Di dalam ajaran Islam, kita mengenal dasar hukum berperang berdasarkan ayat-ayat dalam al Quran yang menyebutkan perintah berperang. Perlu kita pahami dengan benar dan sesuai tuntunan ilmu al Quran terhadap ayat-ayat ‘qitaal’ yang ada dalam al Quran.
Di samping itu juga dalam memahami anjuran berperang pada masa awal Dakwah Islam, pokok-pokok penting yang Rasulullah kemukakan, atau jelaskan dalam aturan berperang tidak bisa diabaikan, lalu kemudian mengambil kesimpulan bebas dalam melakukan tindakan dengan hanya berpedoman kepada teks dalil tadi.
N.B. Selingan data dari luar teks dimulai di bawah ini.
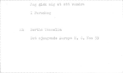 //// Jag gek mig ut att vandra I Furuskog //// 1,1k Be,rtha Tannelin //// Det sjungande-..r;uropa. H. 6. N:o 59 ////
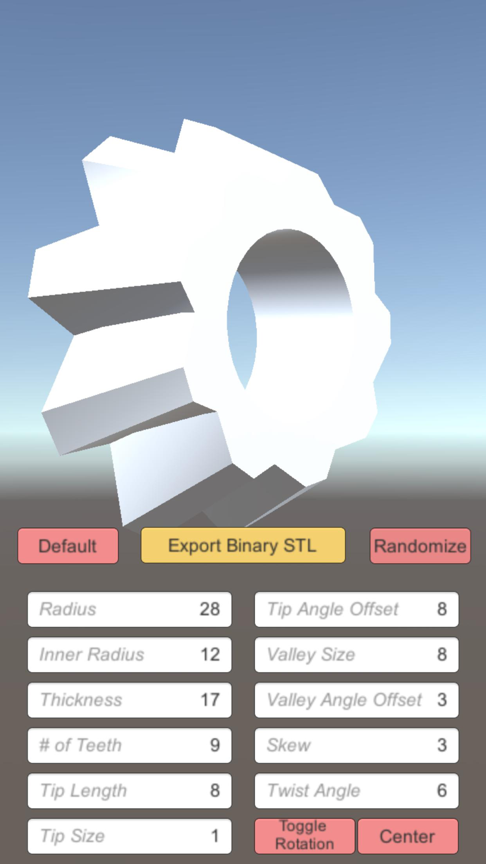 - Gear Exports (.STL file) are immediately available for use by any 3D Slicer Program for all 3D Printers
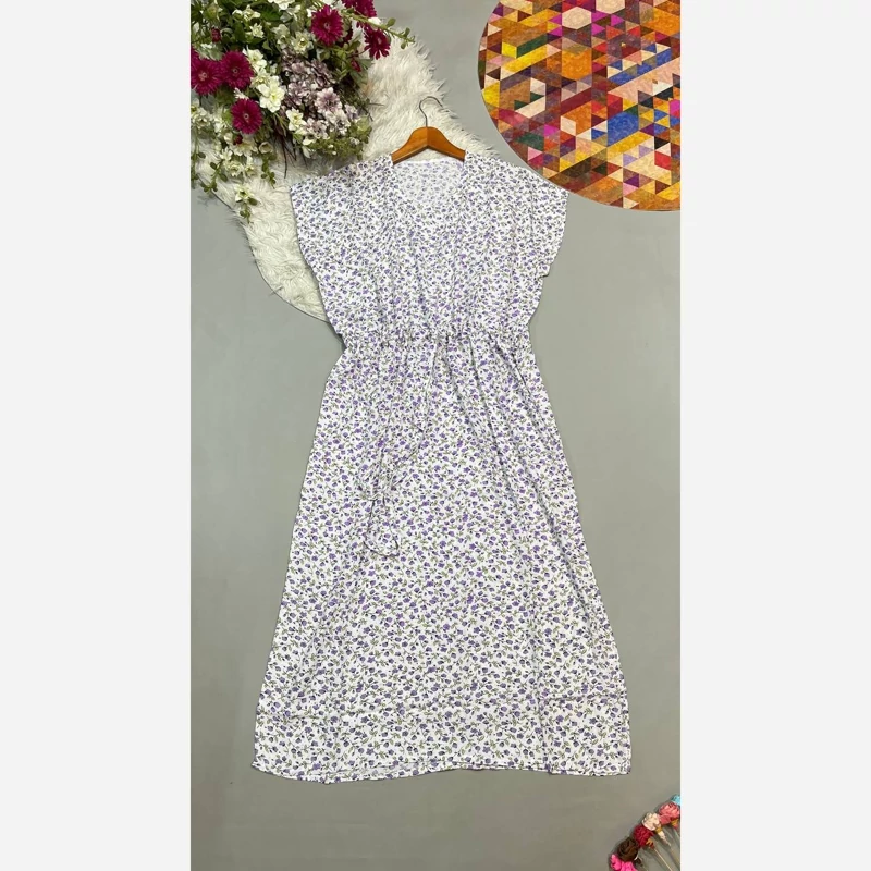 پیراهن زنانه ساحلی آستین کوتاه نخی پارچه تایلندی

Sehingga implementasinya malah justru tidak sesuai dengan konteks ayat al Quran dan esensi ajaran Islam itu sendiri.
Syaikh Saltut mengemukakan di dalam kitabnya ‘al Quran wal Qital’, ada sebagian orang yang secara keliru memahami bahwa ayat-ayat al Quran itu mengandung kontradiksi.
Di satu pihak, ada ayat-ayat yang mengandung perintah perang; ada yang bersifat defensive, dan ada yang bersifat umum tanpa dibatasi kepada orang-orang yang memerangi umat Islam. Di lain pihak, ada ayat-ayat yang menganjurkan perdamaian dan memberi maaf.
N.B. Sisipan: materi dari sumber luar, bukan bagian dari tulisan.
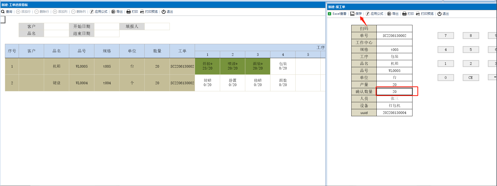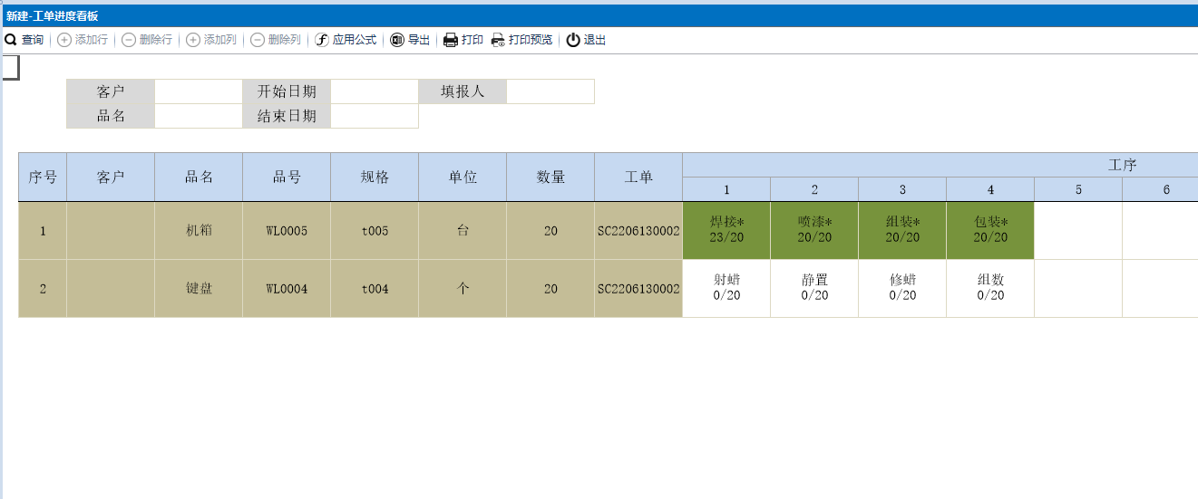 - 场景 -交叉表生产报工界面排序

Dengan pemahaman itu, orang-orang yang membenci Islam berkata bahwa kitab al Quran tidak mungkin merupakan wahyu Allah yang diturunka kepada nabi. Di lain pihak, terdapat pendapat bahwa sebagian ayat-ayat al Quran menasakh ayat-ayat lainnya.
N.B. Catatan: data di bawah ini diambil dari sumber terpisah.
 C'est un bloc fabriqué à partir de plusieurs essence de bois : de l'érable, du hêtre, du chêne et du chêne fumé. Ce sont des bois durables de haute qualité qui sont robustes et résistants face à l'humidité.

Dalam hal ini ayat-ayat ‘Qital’ yang diturunkan ketika Islam telah kuat, dan kota Mekah sudah ditaklukkan itu memansukh ayat-ayat pemberian maaf dan perdamaian, dan ayat-ayat yang mengandung pengertian tidak ada pemaksaan dalam agama. Selanjutnya, pemahaman tersebut membawa kepada pendapat-pendapat bahwa Islam adalah agama yang disebarluaskan dengan kekerasan melalui peperangan.
Perang, sekali lagi adalah bagian dari sikap yang berkembang dalam peradaban ketika hasrat manusia untuk berkuasa, mendapatkan penghidupan lebih baik, serta ingin menambah wilayah yang didudukinya, lebih dominan daripada akal yang menempatkan bahwa setiap manusia punyak hak yang sama untuk tinggal dan melangsungkan kehidupannya sesuai dengan apa yang dianugerahkan Tuhan kepadanya.
William Wallace menggaungkan pemberontakan untuk perang, karena hak rakyat Skotlandia untuk hidup bebas dibelenggu dan kejahatan tiran menjadikan orang yang terjajah adalah sekelompok manusia yang nilainya lebih rendah daripada sebusur anak panah.
Para agresor Belanda di Indonesia dahulu merasa bahwa negara yang maju dan kuat (Eropa) boleh melakukan apa saja demi mencari keuntungan sumber daya alam di tempat lain dengan cara menjadikannya negara koloni dan jajahannya.
Dan kini, perang bisa jadi sebuah pilihan, dalam “permainan” di atas kertas untuk dibuat tarikan garis kemana arah itu sampai pada titik dalam peta dunia. Dan “nyanyian” apa untuk memulai tabuhan genderang dan terompet perang yang dimainkan oleh dua saudara dalam satu negara.